Можно подумать, что более поздний интерес Фрейда к дискурсу невротика сконцентрировал его рефлексию на единственном отношении звукового образа/визуального образа.
[73]
Но две вещи позволяют сказать, что фрейдовские изыскания оставили открытым вопрос о гипотетическом стыке «чистого означающего», который могла бы взять на себя, к примеру, кантовская философия: с одной стороны, открытие Эдипа, и, с другой, открытие расщепления моего Я и второй топики, очень важной для гетерогенного (влечения и мысли) символа отрицания.
[74]
Хотя такой редукционизм оказывается настоящим кастрированием фрейдовского открытия, не надо забывать преимущества, которые дала центрация фрейдовского гетерогенного знака на знаке Соссюра. Они принципиально сходятся на краткой формулировке вопроса, который занимал Фрейда с момента его открытия Эдипа.
Знак — сгущение
Что обеспечивает существование знака, то есть отношения, которое является сгущением между звуковым образом (со стороны представления слова) и образом визуальным (со стороны представления вещи)? Речь в самом деле идёт о сгущении (и об этом свидетельствует логика сновидения), когда элементы различных уровней восприятия снова собираются или когда происходит сокращение. Риторическая фигура метафоры лишь актуализирует эту операцию, которая генетически и диахронически образует знаковое единство не менее двух составляющих (звуковой и визуальной) в синхроническом использовании дискурса. Говорящий субъект наслаждается возможностями этого сгущения, прежде всего оказываясь вписанным в эдипов треугольник. Эта запись, начиная не только с так называемой эдиповой стадии, но с его появления на свет, который всегда является уже миром дискурса, ставит его в подчиненное положение по отношению к отцовской функции. Таким образом, когда Лакан располагает Имя Отца как ключ к любому знаку, смыслу, дискурсу, он указывает на необходимое условие той единственной операции, определяющей, что верно, знаковое единство: это сгущение гетерогенного множества (словесного представления) с другим (предметным представлением), обнаружение одного в другом, обеспечение «единства черт». Такая постановка проблемы позволяет непреднамеренно сэкономить на метафизике, развивая, вслед за Д. С. Миллем, которого вспоминает Фрейд, фрейдовские понятия «репрезентации». Акцент переносится с терминов (образов) на функции, которые их связывают (сгущение, метафоричность и, еще более строго, функция отца) вплоть до высвобождающихся (единство черт) пространства, топологии.

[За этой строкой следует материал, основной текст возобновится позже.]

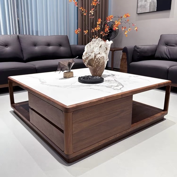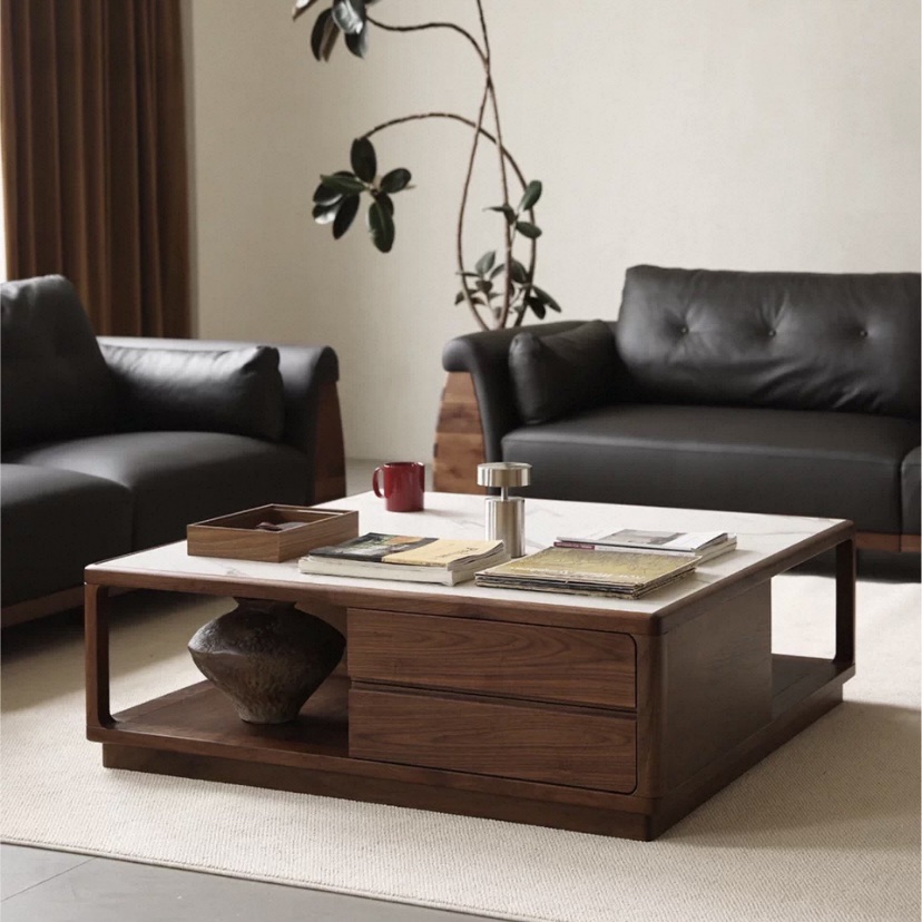 Bàn Trà Sofa Gỗ Tự Nhiên VBT40 Dáng Vuông – Bàn Sofa Cao Cấp Mặt Đá Có Ngăn Kéo, Thiết Kế Hiện Đại Tiện Lợi Cho Phòng Khách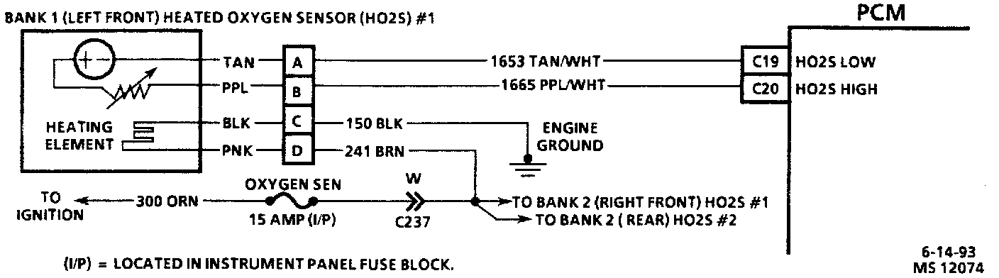 Bank 1 (Left) Oxygen Sensor Circuit Diagram: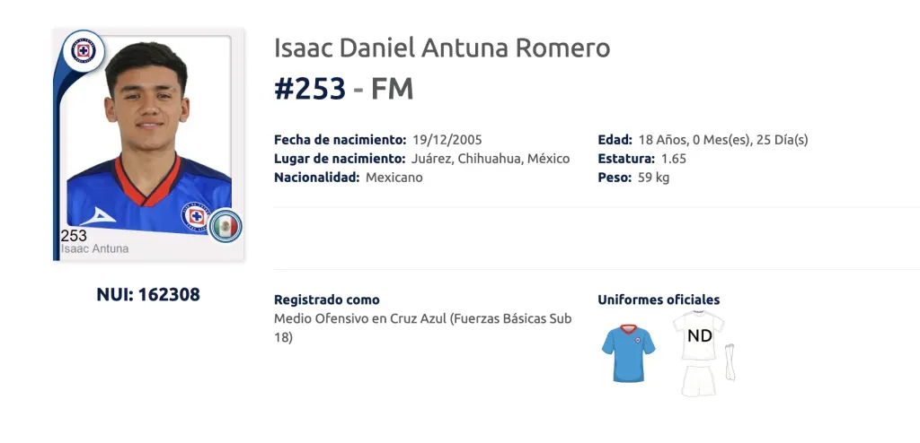 El juvenil de apenas 18 años de edad se desempeña en la media, y para este torneo ocupará el dorsal número 253, así lo registró el equipo cementero en la página oficial de la Liga MX.

Тем не менее, когда эта определяющая знак функция сгущения угасает (и в этом случае мы всегда имеем ослабление связей в эдиповом треугольнике, который является ее основанием), согласованность звукового образа/образа визуального, единожды нарушенная, позволяет через это расщепление проявиться попытке прямой семантизации кинестезии — акустической, тактильной, моторной, визуальной и т. д. Она появляется в языке, жалоба которого отрекается от общего кода, затем выстраивается в идиолекте и, наконец, разрешается во внезапном взрыве аффекта.